First they were businessman pursuing profits, but from inception, the Black Press has been a change agent shining a light on the plight of Blacks and giving them the power to write and report their own narratives.
“Today the Black Press is more relevant than ever,” says Dorothy R. Leavell, chairman of the National Newspaper Publishers Association (NNPA), a trade association of the more than 200 African-American-owned community newspapers from around the United States. The Black publishers say they comprise a combined readership of 15 million and are into the digital age with an electronic news service to provide real-time news and information to its national constituency and thus that the Black Press continues to fulfill the declaration: “We wish to plead our own cause.”
Since slavery, Black-owned papers have had a finger on the pulse of Blacks’ progress. Like so many of their American small-business counterparts, Black newspaper operations are largely family-owned, often in third or fourth generation of ownership. Today’s Black Press is appreciated as crucial to ethnic progress.
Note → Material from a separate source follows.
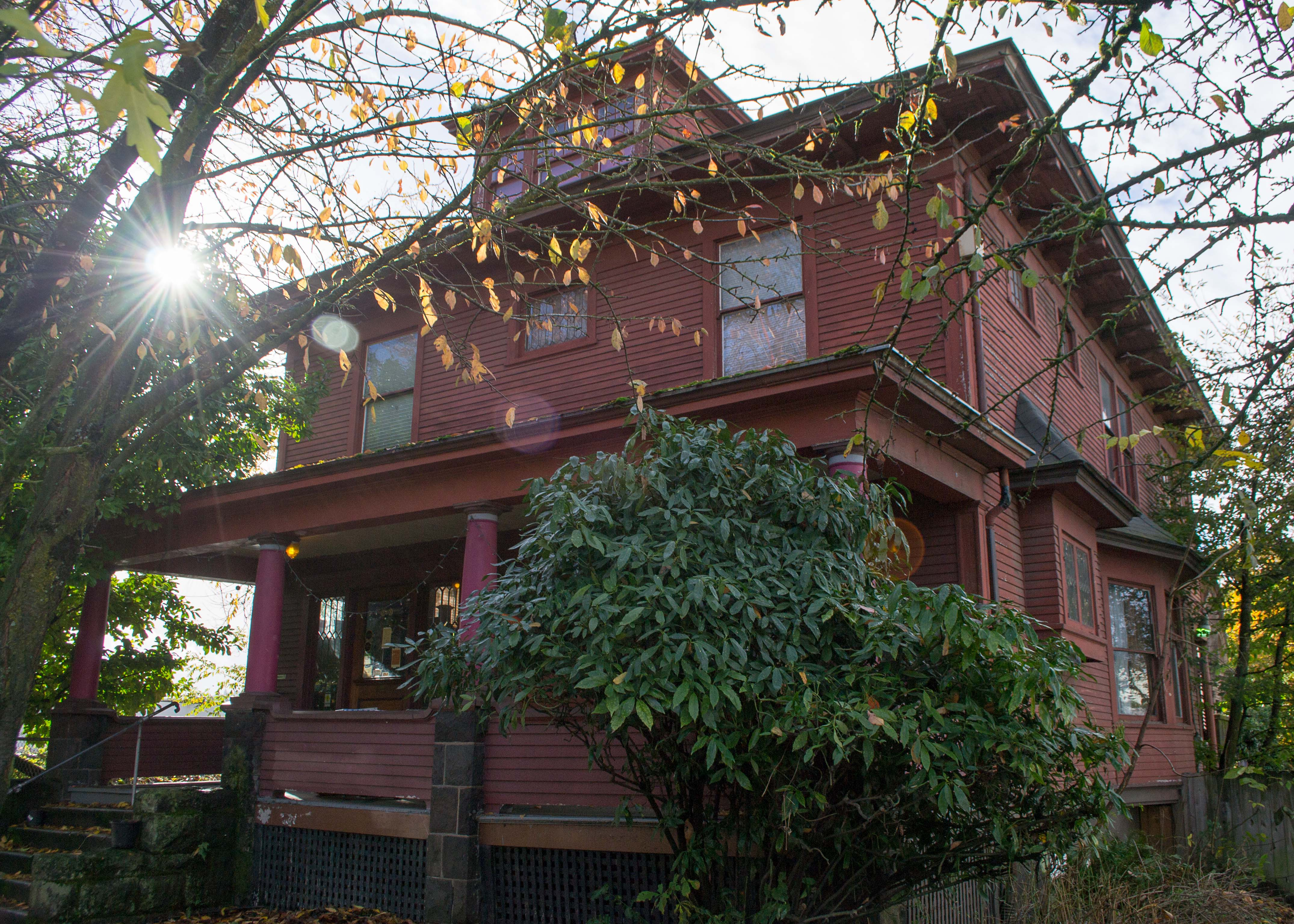 The Rimsky-Korsakoffee House in Portland's Buckman neighborhood

One of the principles in urban commercial corridors, the Black Press are stakeholders where we live. Often property owners and employment sites, Black newspapers are still the mediums for dealing with Blacks’ political debate and and advocacy. To accrue more power, Blacks need come back to the people and medium that fought against segregation, demanded equal rights and helped elect politicians to office.
Time to revere the Black Press is a critical — but too often ignored — aspect of African-American history and culture. Black papers gained their prominence as the Great Migration pulled African Americans away from the rural South in the era of Jim Crow, the numbers of Black newspapers and periodicals exploded along with urban Black populations. Businesses for publishers millionaire like Robert Abbott and Robert Vann, since its founding the NNPA has consistently been the voice of Black communities.
Black Press publications deserve a look and opportunity as Black Americans’ choice sources for business, careers, technology and wealth-building information. It has been central to community formation, protest and advocacy, education and literacy, and economic self-sufficiency. Black newspapers are “where we are.” During the time of their existence, Black newspapers have been main tenants along MLK business corridors normally housed next to the funeral home, insurance agent and Black-owned entertainment venue that African Americans frequented before integration.